SAN SALVADOR, (Reuters) – The U.S. State Department yesterday issued a public designation for 13 current and former Salvadoran military officials for what it called gross human rights violations during El Salvador’s civil war three decades ago.
Issued for their alleged involvement in the planning and execution of the extrajudicial killings of six Jesuit priests and two others on a university campus in 1989, the designation bars them from entering the United States.
The crime is one of the most emblematic of the Central American country’s civil war that pitted then-leftist guerrillas the Farabundo Marti National Liberation Front (FMLN) against the U.S.-backed Salvadoran army. The FMLN is now a political party.
In a statement, the U.S. Secretary of State said it had “credible information” that the current or former officials were directly or indirectly involved in “a gross violation of human rights or significant corruption.”

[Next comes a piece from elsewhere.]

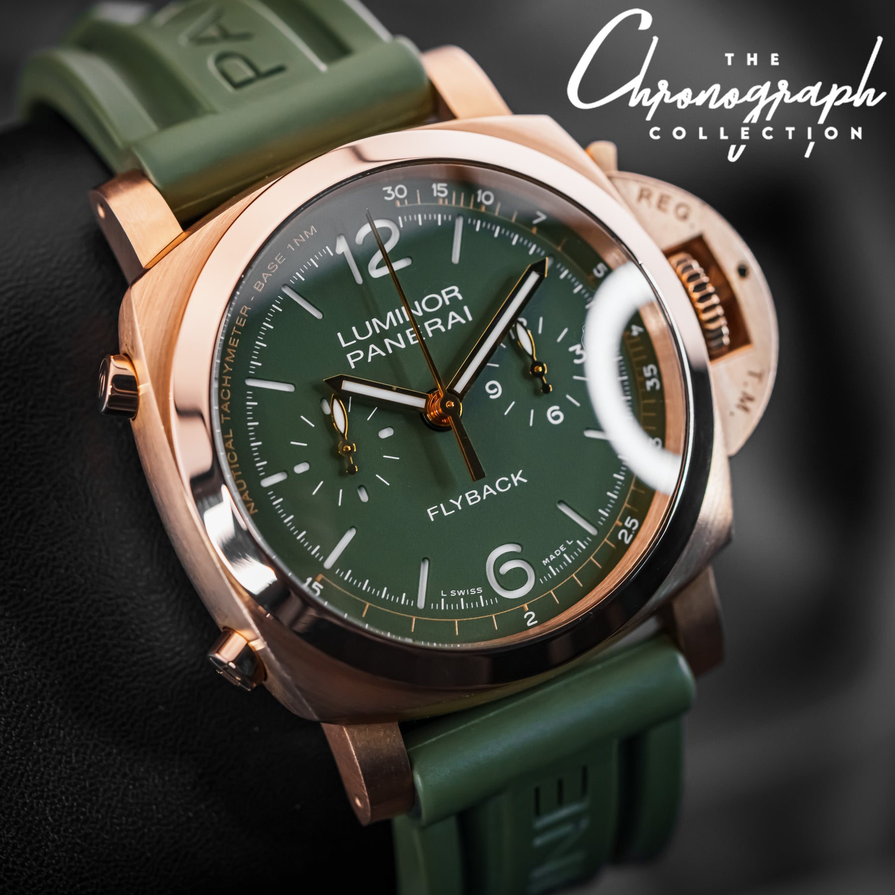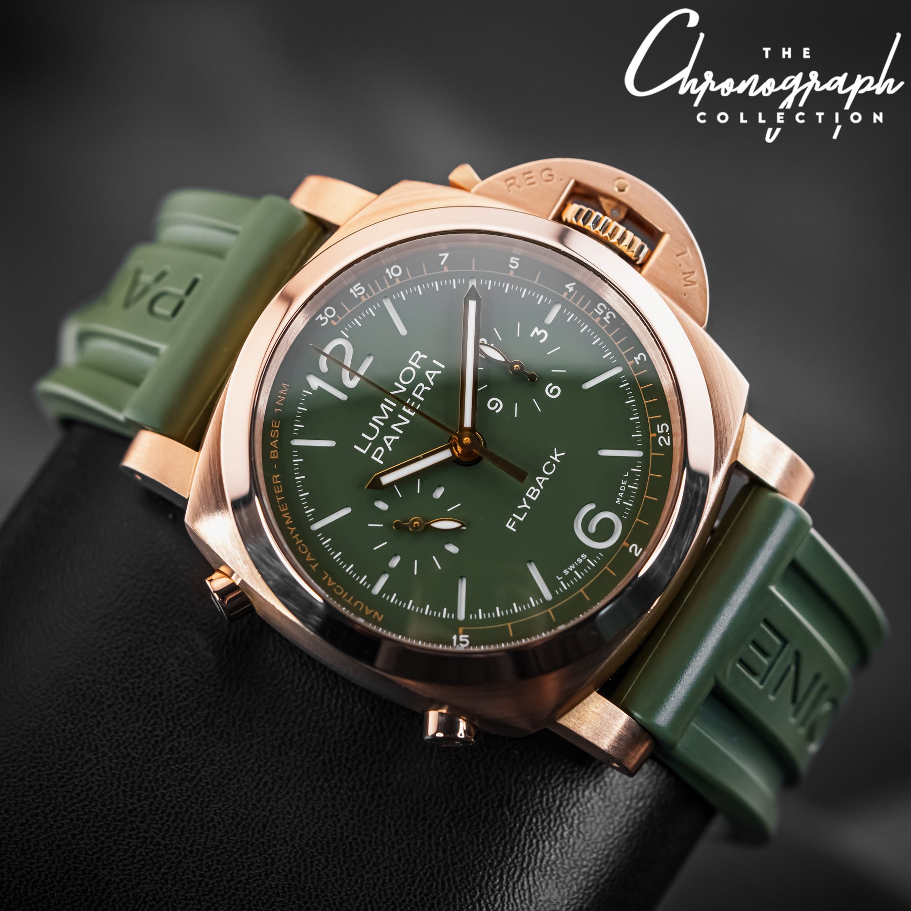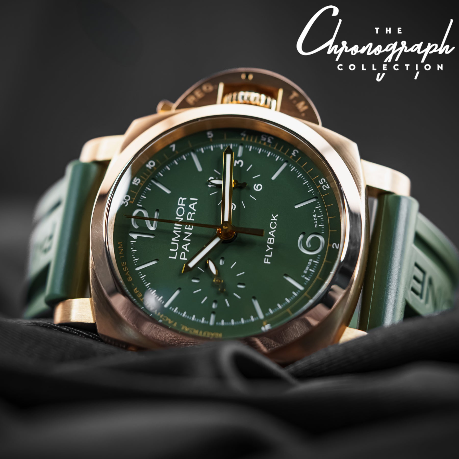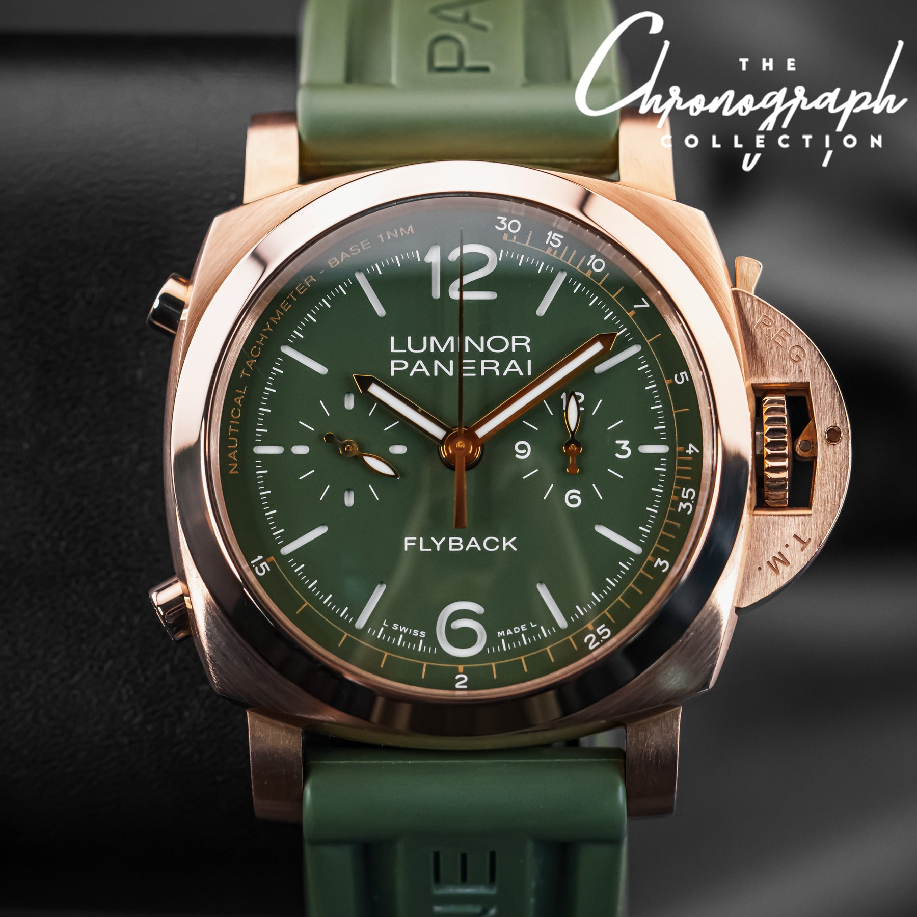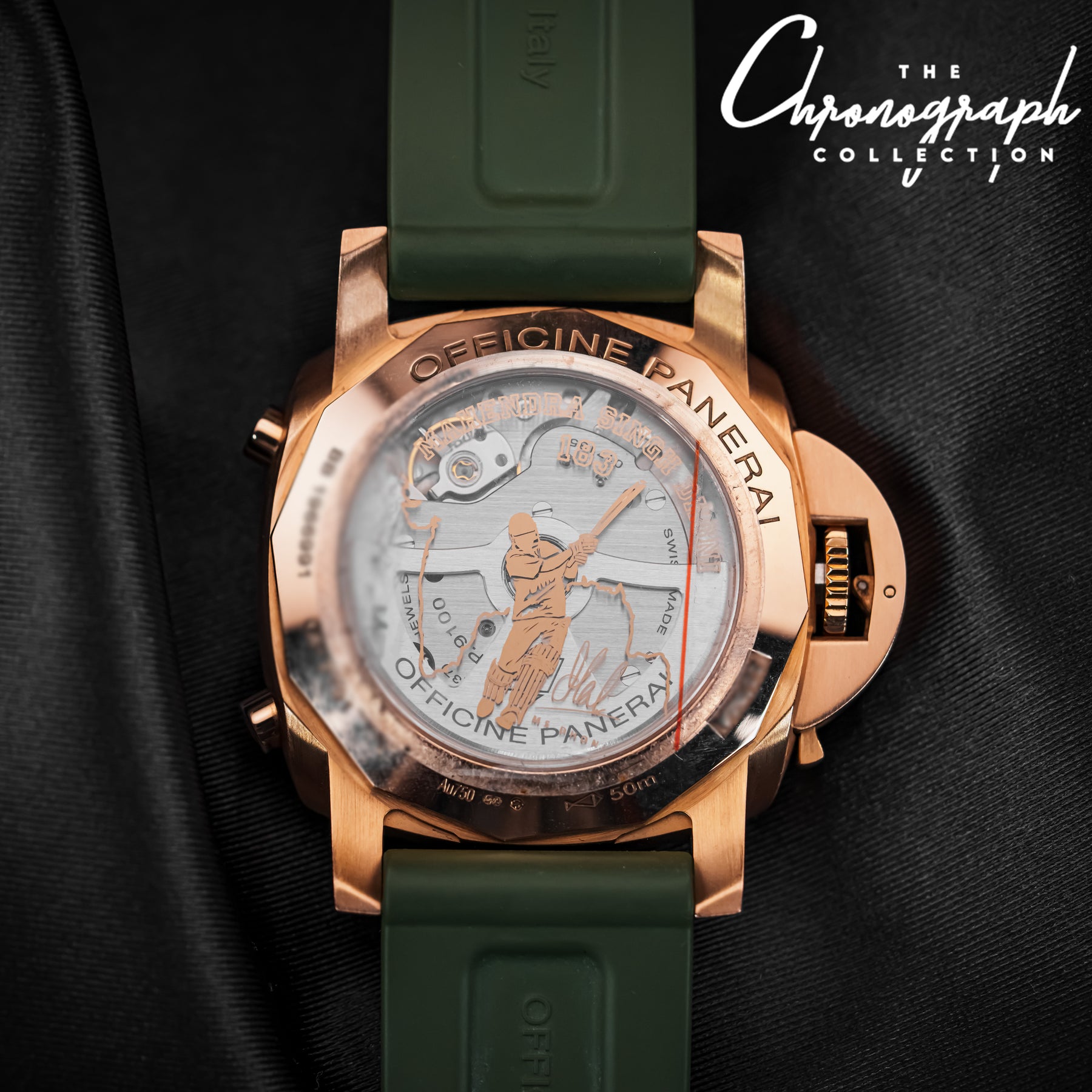 The PAM01057 was ahead of its time when it was released in 2019. The green watch hype built steadily over the next four years, making this watch more and more desirable. Limited to just 77 units, this watch was made as a collaboration with Indian cricketer Mahendra Singh Dhoni, who is featured on the sapphire crystal caseback. The PAM01057 features a beautiful 1950 case made from solid rose gold (Panerai’s proprietary “Goldtech” alloy), with an olive green dial and matching silicone strap. The watch is nearly identical to the ever-popular PAM00654, with several notable differences, such as the white sandwich indices, redesigned chapter ring, and modified chronograph subdial. Powering the PAM01057 is Panerai’s in-house Caliber P.9100 automatic movement with 72 hours of power reserve.

Lisandro Quintanilla, a lawyer representing the military in El Salvador, could not immediately be reached for comment.
It was not clear what had prompted the United States to issue the designation.
“We value our ongoing working relationship with the Salvadoran Armed Forces, but will continue to use all available tools and authorities, as appropriate, to address human rights violations and abuses around the world no matter when they occurred or who perpetrated them,” it said.
El Salvador’s civil war lasted from 1980 to 1992. It killed an estimated 75,000 people and left 8,000 more missing.
As in neighboring Guatemala, which was also the site of Cold War-era conflict, families of victims and human rights defenders in El Salvador have long sought justice.
In El Salvador, the Supreme Court of Justice declared a 1993 amnesty law unconstitutional in 2016 and ordered lawmakers to create a new law that would guarantee justice and reparation for victims. However, the process has been delayed.